Kubernetes deployment strategies: rolling, recreate, blue/green, canary, dark (A/B testing)
Diagram taken from another review rollout strategies made in Container Solutions

One of the biggest challenges in developing cloud native applications today is deployment speed. With a microservice approach, developers are already working with and designing fully modular applications, allowing different teams to write code and make changes to the application at the same time.

Shorter and more frequent deployments have the following benefits:

  • Reduced time to market.
  • New features get to users faster.
  • User feedback reaches the development team faster. This means the team can add features and fix issues more quickly.
  • Improves developer morale: More features in development are more fun to work with.


But as release frequency increases, the chances of negatively impacting app reliability or user experience also increase. That is why it is important for operations and DevOps teams to build processes and manage deployment strategies in a way that minimizes risk to the product and users. (To learn more about automating the CI/CD pipeline, see here.)

In this post, we will discuss various Kubernetes deployment strategies, including rolling deployments and more advanced methods such as canary rollouts and their variations.

Deployment strategies

There are several different types of deployment strategies that can be used depending on the purpose. For example, you may need to make changes to some environment for further testing, or to a subset of users/clients, or you may need to do limited testing on users before making a feature publicly available.

Rolling (gradual, rolling deployment)

This is the standard deployment strategy for Kubernetes. It gradually, one by one, replaces the pods with the old version of the application with pods with the new version - without downtime of the cluster.

Kubernetes deployment strategies: rolling, recreate, blue/green, canary, dark (A/B testing)

Kubernetes waits for new pods to be ready to go (checking them with readiness tests) before proceeding to roll up the old ones. If a problem occurs, such a rolling update can be aborted without stopping the entire cluster.
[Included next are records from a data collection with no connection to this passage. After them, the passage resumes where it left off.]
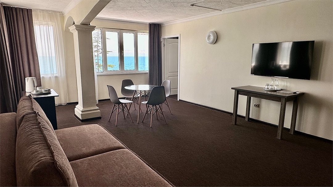 кабельное телевидение, Wi-Fi, интернет, светильник, фен, электронные замки, обогреватель, ванна, санузел, биде, банные полотенца, пляжные полотенца, тапочки, две односпальные или большая двуспальная кровать, диван, тумбы, стулья, шкаф для одежды, вешалки, письменный стол, зеркало, две комнаты, сейф, чайник, унитаз, раковина, ковровое покрытие, отопление, душ, вид на море, кулер на этаже, стаканы, стол, туалет, сплит-система, сушилка для белья, диван-кровать, раскладной диван, телевизор с плоским экраном, мини-холодильник, шкаф-купе, гостиничная парфюмерия, номер для некурящих, уборка номера, затемняющая штора, прачечная (за дополнительную плату), без питомцевВ гостиничном номере
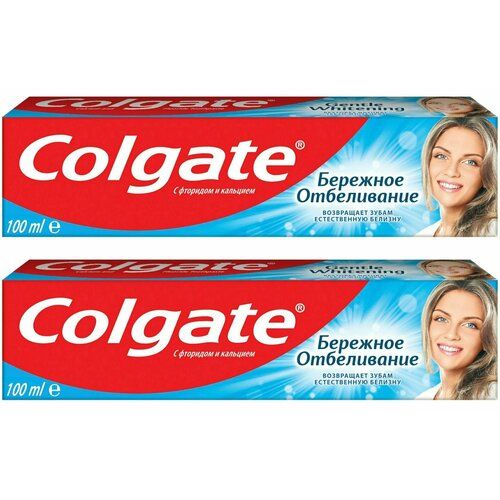 Зубная паста Colgate Бережное Отбеливание 100 мл. х 2 шт. Зубная паста Colgate Бережное Отбеливание удаляет потемнения с поверхности зубов, восстанавливая их естественную белизну, и не повреждает зубную эмаль, а также способствует укреплению эмали зубов и защищает от кариеса.
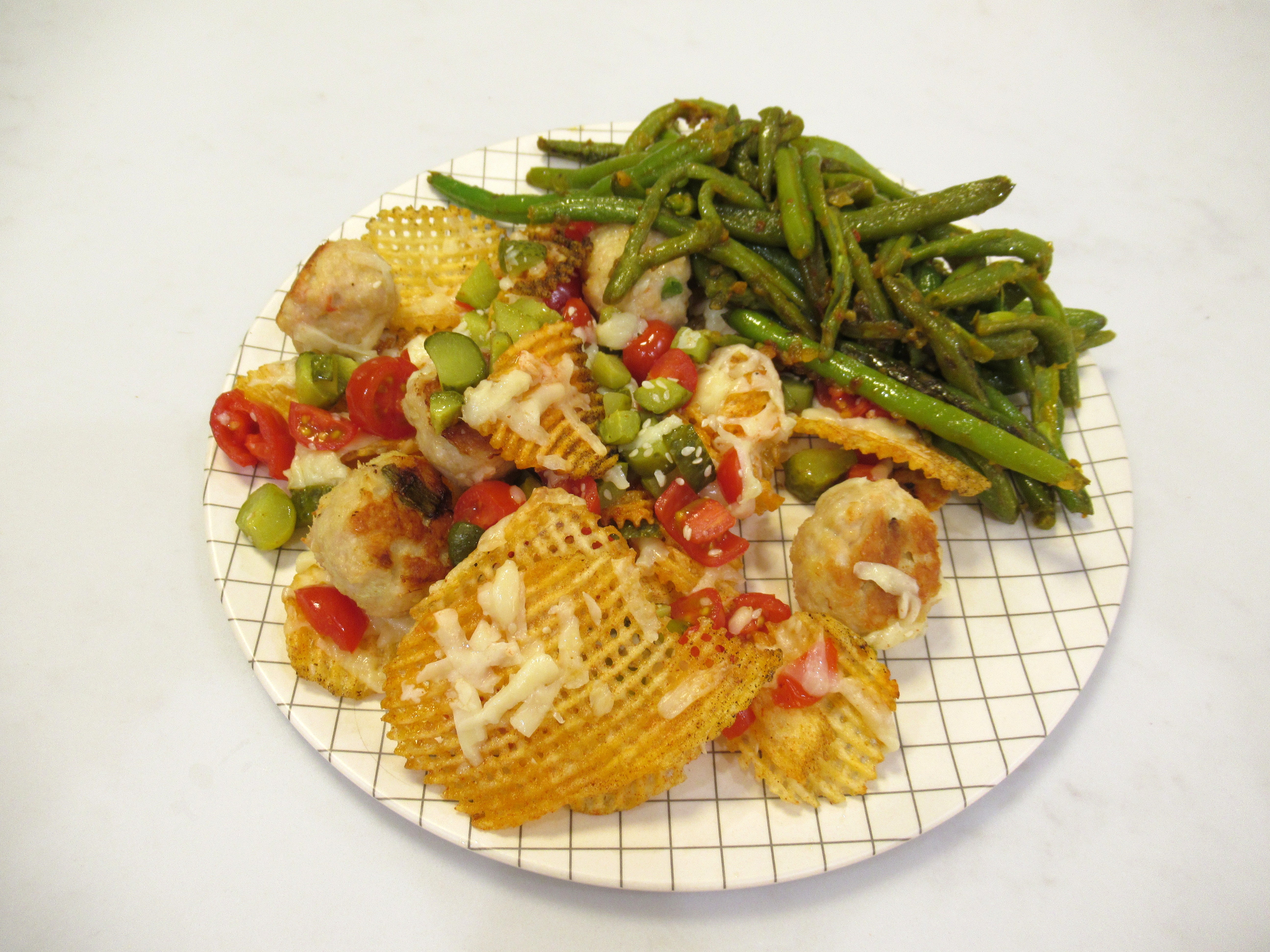 Turkey burger cheese fries. Trader Joe’s ketchup chips / Seriously Sharp cheddar / baked turkey meatballs (ground turkey with panko, mayo, white pepper, garlic powder, and onion powder) / chopped pickles and Sugar Bomb tomatoes / sesame seeds. Steamed green beans sauteed with dill pickle mustard, onion chili crisp, honey, and rice vinegar.
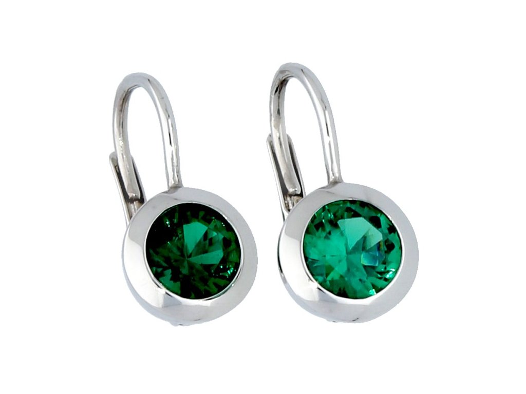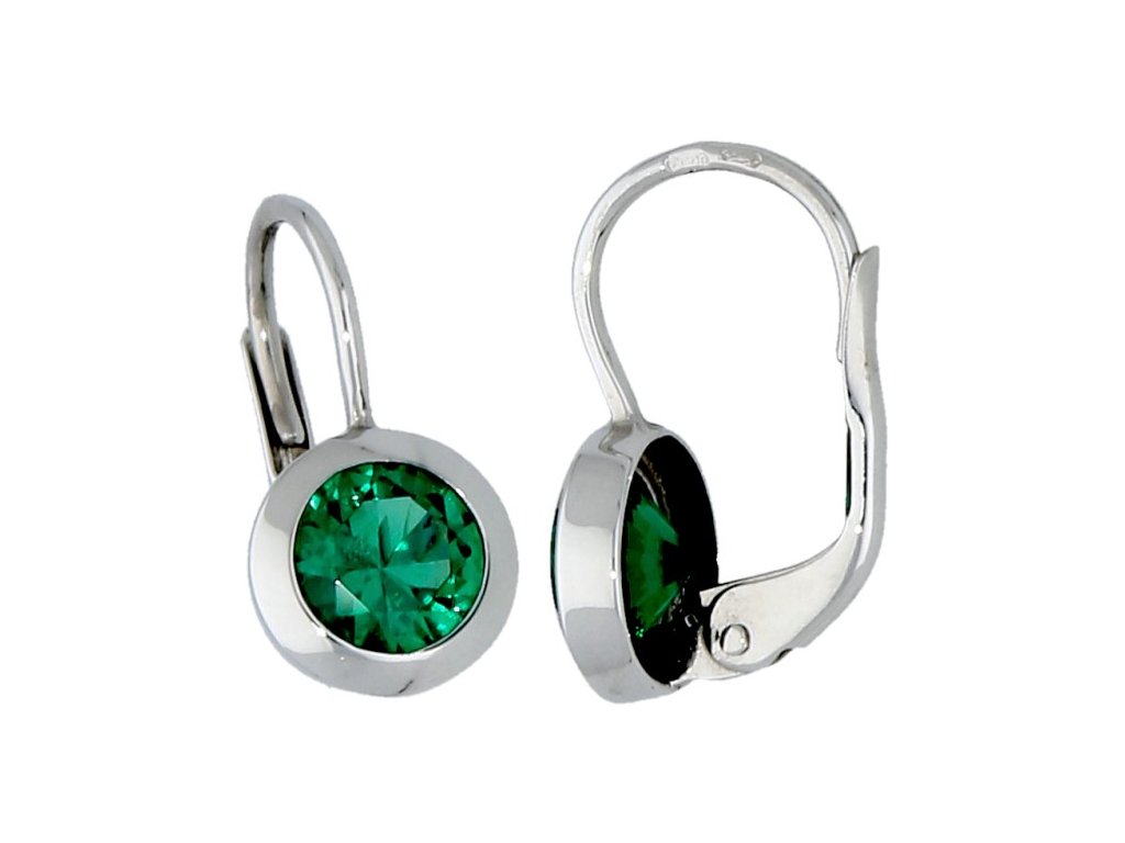 Náušnice bílé zlato kulatý smaragd
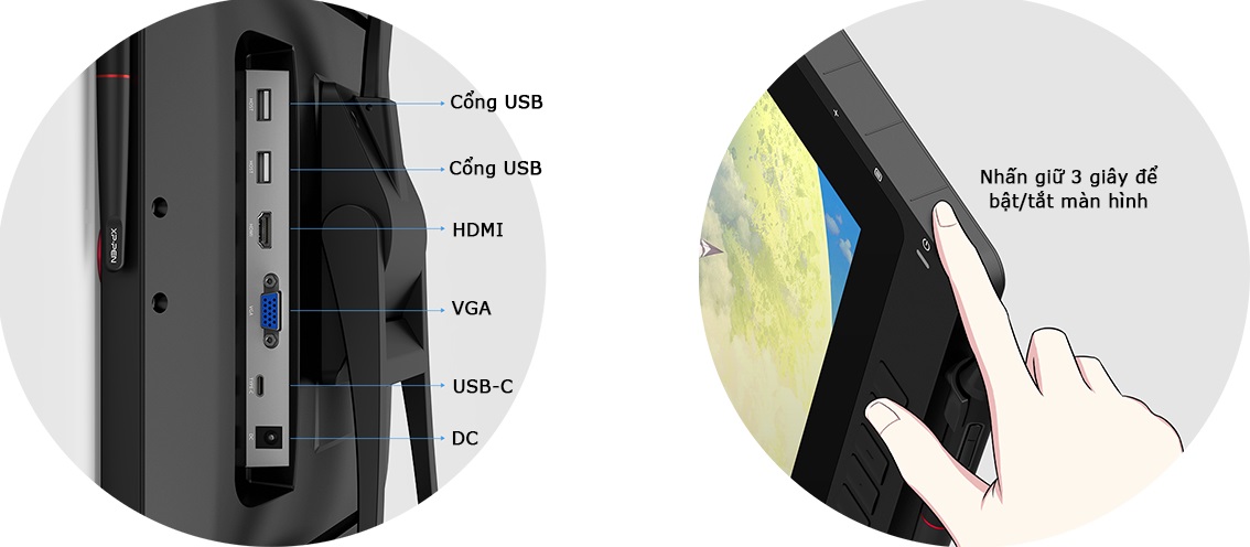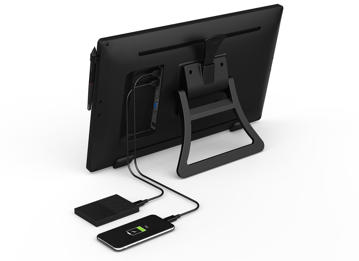 Bảng vẽ Artist 22R Pro trang bị cổng USB có thể cắm chuột hay các thiết bị khác. Cũng như các phím bấm tinh chỉnh bằng cảm ứng đem lại cho chiếc bảng vẽ màn hình cảm quan sang trọng với thao tác nhã nhặn, tránh phát ra tiếng ồn như phím bấm vật lý.
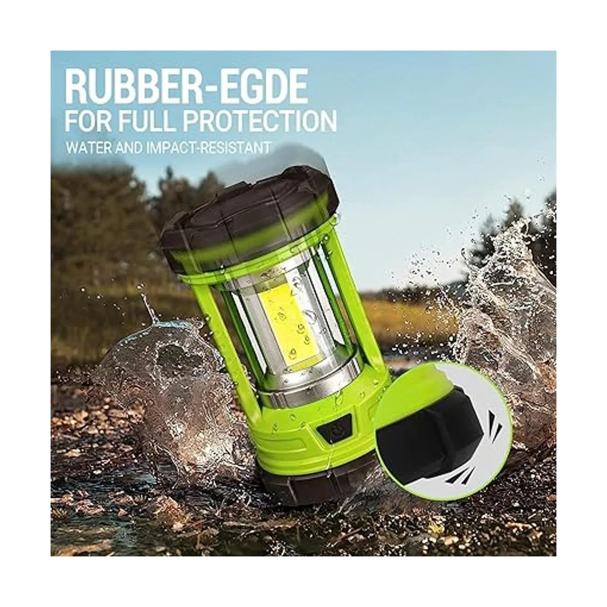 Resistente al agua y a los impactos: esta linterna de campamento es resistente a la lluvia, protegida contra el agua desde todos los ángulos. Con parachoques de goma que rodean la base, también es resistente a los impactos de 4.9 ft, para camping, senderismo y otras aventuras al aire libre.
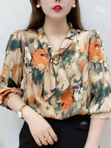 夏と春の半袖カジュアルシフォンブラウス,女性用半袖シャツ,蝶ネクタイの襟付き,df4198
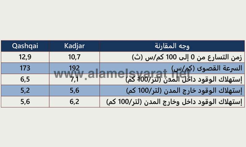 ومن هنا يتضح أن كلا من "Kadjar" بشكلها الجديد و"Qashqai" تتميزان بالإستهلاك المنخفض للوقود, وهو لصالح "Qashqai" بطبيعة اختلاف قوة المحرك وهو ما يجعل أرقام أداءها أقل أمام "Kadjar" من حيث التسارع والسرعة القصوى.
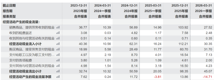 一个是现金流紧绷,按照公司当下三大新品初期的高额资金投入,单季度研发及销售投入高达9亿,2026年第一季度,公司经营活动现金流净额为-14.71亿,同比大幅恶化。加上战略性备料吞噬了大量现金,尽管2025年全年现金流仍为正,但季度性的“失血”表明其高速扩张模式对资金的消耗极大。
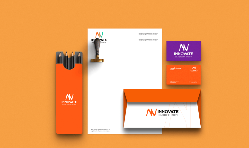 O projeto de identidade visual da Innovate, uma empresa de soluções de créditos. A paleta de cores mescla tons suaves e vibrantes, evocando diversidade e alegria. O logotipo apresenta linhas suaves e orgânicas, transmitindo harmonia e conexão com a natureza. Os elementos visuais remetem à diversidade e popularidade, conceitos que se assemelha com a empresa
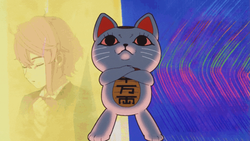 Aira Shiratori and Jiji from Dandadan, featuring a Maneki-neko with Japanese writing.
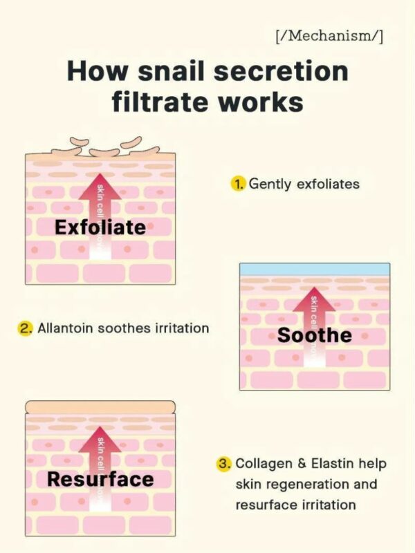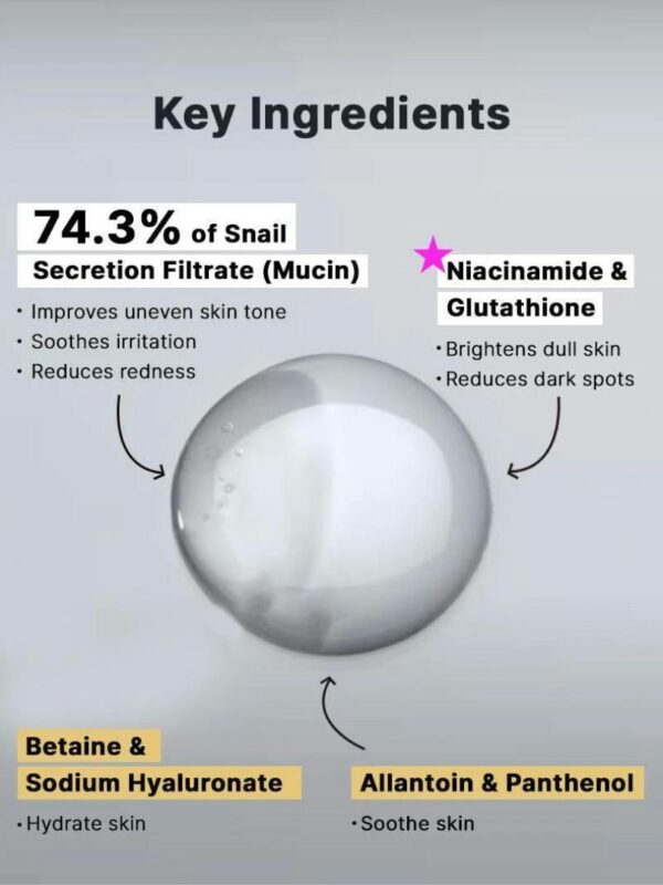 - 74,3% Triple Snail Complex : Ένα σύμπλεγμα που συνδυάζει τις ενυδατικές ιδιότητες και το plumping effect του διηθήματος έκκρισης σαλιγκαριού με τα οφέλη αντιγήρανσης και μείωσης των πόρων από το διήθημα μαύρων σαλιγκαριών και την αντιβακτηριακή, αντιοξειδωτική UV προστασία των gold snails.

In the deployment type YAML file, the new image replaces the old image:

apiVersion: apps/v1beta1
kind: Deployment
metadata:
  name: awesomeapp
spec:
  replicas: 3
  template:
    metadata:
      labels:
        app: awesomeapp
    spec:
      containers:
        - name: awesomeapp
          image: imagerepo-user/awesomeapp:new
          ports:
            - containerPort: 8080

The parameters of the rolling update can be specified in the manifest file:

spec:
  replicas: 3
  strategy:
    type: RollingUpdate
    rollingUpdate:
       maxSurge: 25%
       maxUnavailable: 25%  
  template:
  ...

Recreate (re-creation)

In this simplest type of deployment, old pods are killed all at once and replaced with new ones:

Kubernetes deployment strategies: rolling, recreate, blue/green, canary, dark (A/B testing)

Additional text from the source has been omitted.